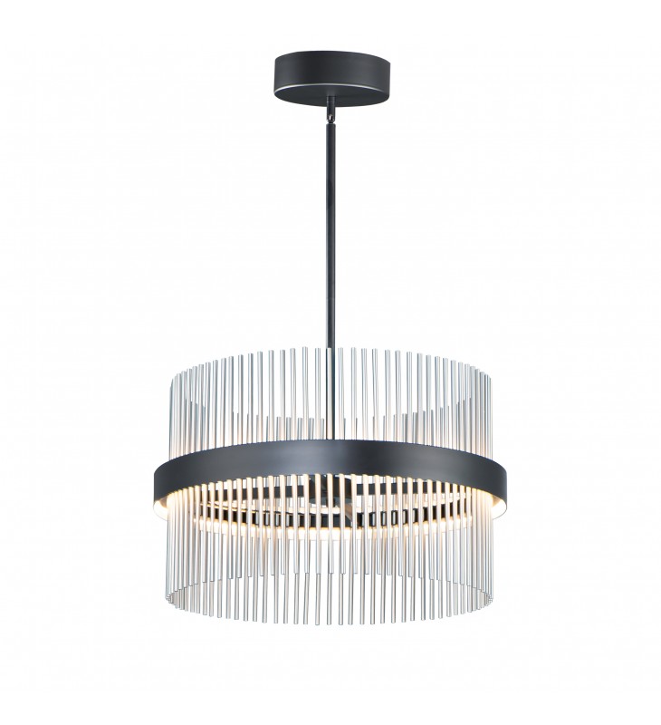 Wide bands of Matte Black metal supports an evenly spaced row of thin tubing finished in your choice of Satin Brass, Satin Nickel or a combination of the two. The stylish design is connected by WiZ that enables the lighting\'s White Ambiance between 2700-5000 Kelvin. Marvel at the ring\'s soft indirect lighting dispersion cast light both up and down and shine along the tubes aglow. Set daylight white options for concentration tasks and energize your body. Similarly take notice of the effect when setting a warmer tone at the end of the day or to add some ambiance.
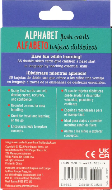 * 36 double-sided cards give children a head start in language by teaching essential skills. / 36 tarjetas de doble cara que ofrece a los niños una ventaja en lenguaje a través de la enseñanza de destrezas esenciales.
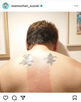 鈴木氏は「湿布貼ってたとこが赤くただれてしまった。転んだときに首と背中をやってしまい。何日か貼ってたら、こんなことに」といい1枚の画像を添付。そこには、肩の部分に「美幸」という文字がタトゥーで彫られている姿が映っていた。
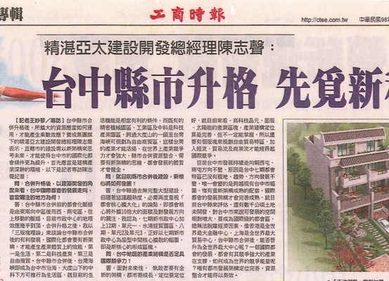 精湛亞太建設總經理陳志聲 掌理台中市第一單元重劃開發推案
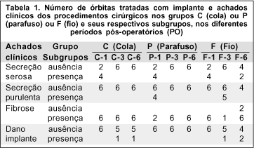 1) Sinais clínicos de reação inflamatória do implante e sua fixação foram observados com cianoacrilato ou parafuso ou sutura inabsorvível (Mersilene 5.0®) até a sexta semana pós-operatória, sendo mais intensa no grupo F (fio), já que das cinco órbitas tratadas com implante e que apresentaram danos, três pertenciam a este grupo, sendo que duas destas apresentaram secreção purulenta que creditamos à ruptura do implante na sua parte superior. É provável que o fator tempo seja responsável pela não observação de reação inflamatória purulenta em dois dos três implantes que estavam danificados visto que nestes a avaliação ocorreu na terceira semana pós-operatória.
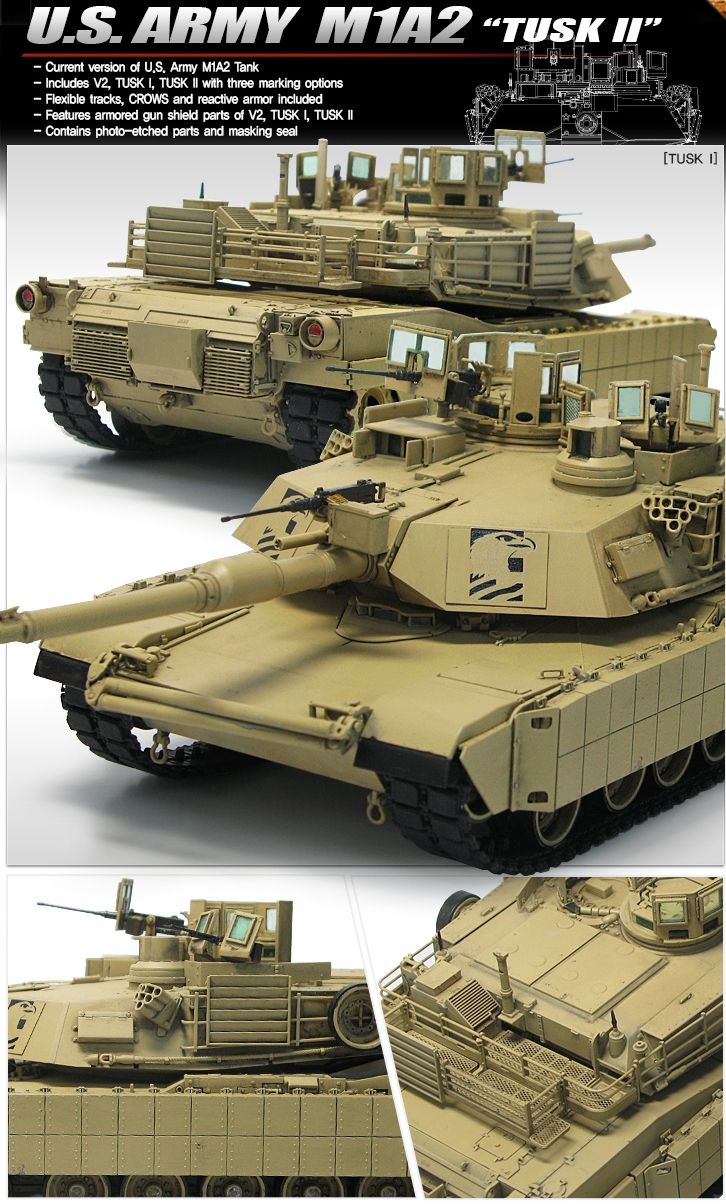 Academy 13298 1/35 U.S. Army M1A2 Abrams TUSK I / TUSK II / V2
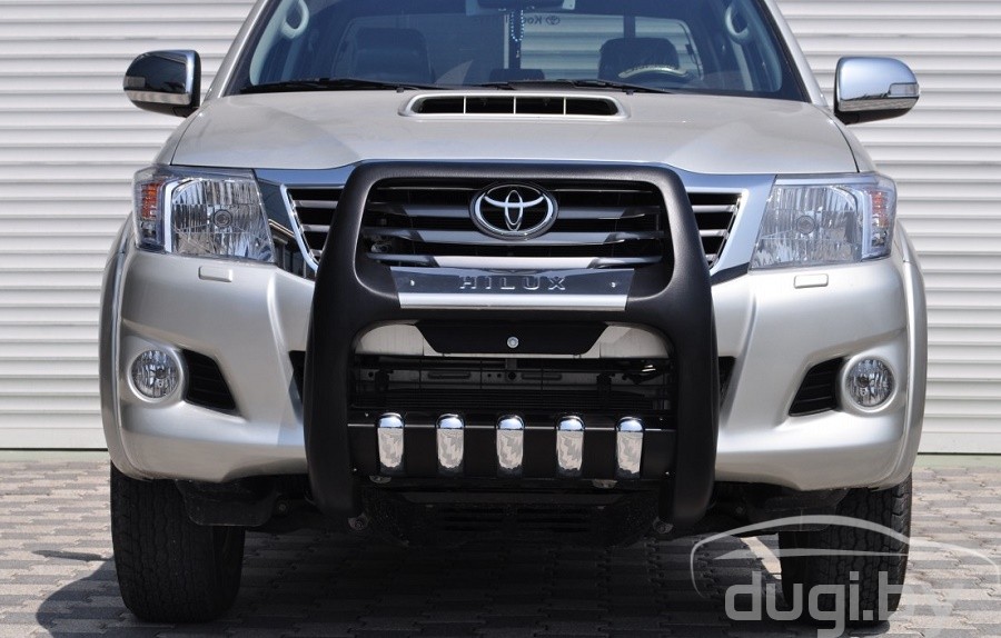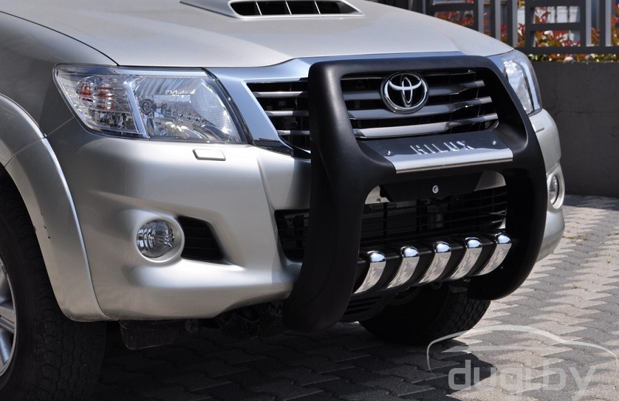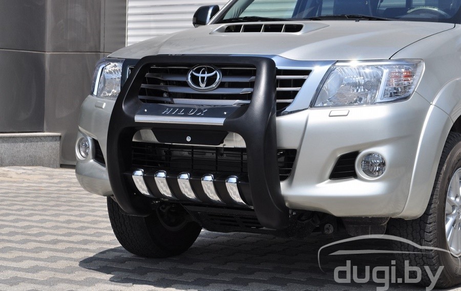 Защита переднего бампера кенгурятник для Toyota Hilux предназначена для защиты кузова автомобиля при езде по пересеченной местности, а также от различного рода столкновений.
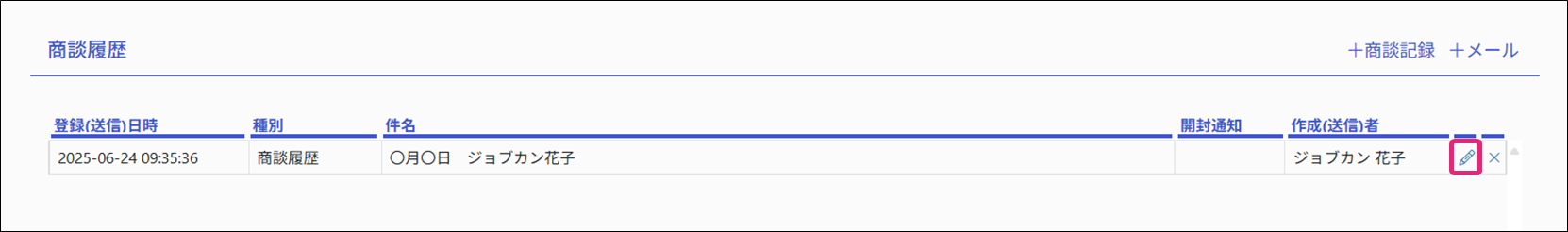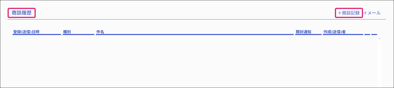 ※リーダー権限または一般(他を閲覧可)権限ユーザーの場合は、他のユーザー(同一アカウント内の場合)が作成した案件に商談履歴を追加することができます。他のユーザーが作成した案件の商談履歴の修正・削除ができるのは、リーダー権限のあるユーザーのみです。
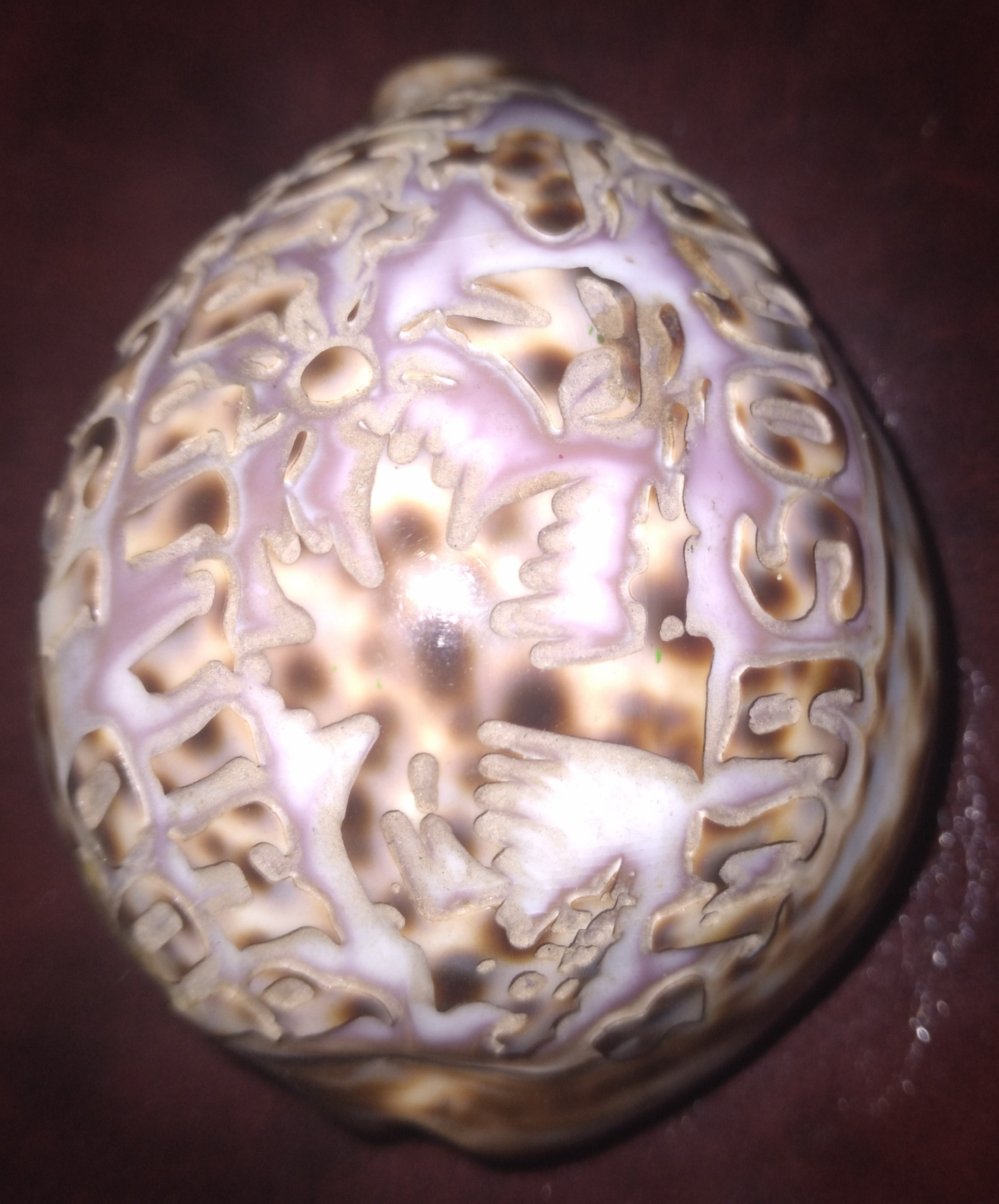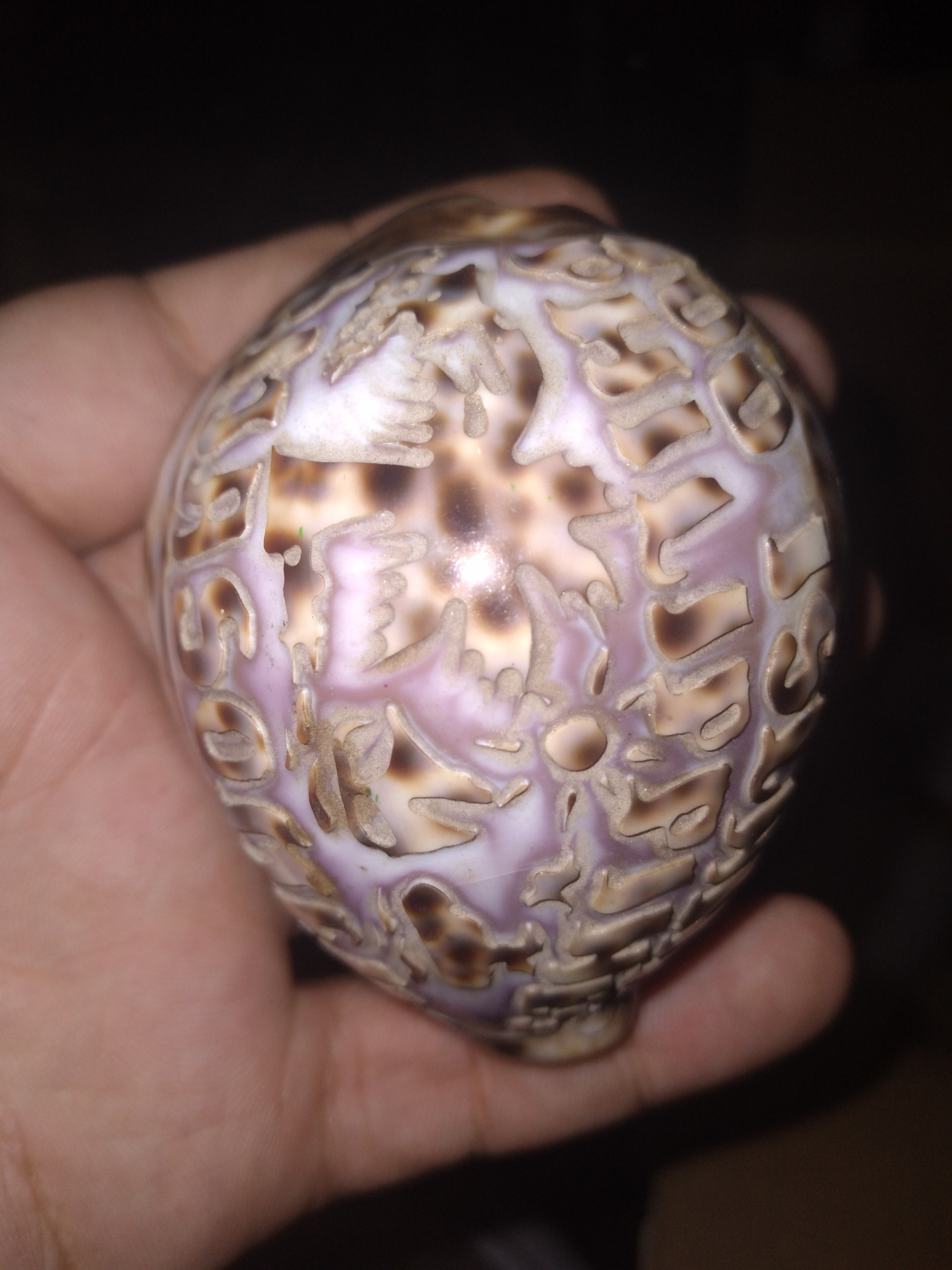 صدف غول پیکر 8 سانتی دریایی که از دبی خریداری شده و توسط یکی از هنرمندان حکاکی زیبای عکس خورشید و درخت کاج و جمله عاشقانه روش کنده شده .بسیار زیبا و دیدنی

• • • •

Would you copy the lines above exactly, starting with the one that has "Academy 13298 1/35" and ending with the one that has "Защита переднего бампера", both included, without the pictures?

Worked solution
 Academy 13298 1/35 U.S. Army M1A2 Abrams TUSK I / TUSK II / V2
 Защита переднего бампера кенгурятник для Toyota Hilux предназначена для защиты кузова автомобиля при езде по пересеченной местности, а также от различного рода столкновений.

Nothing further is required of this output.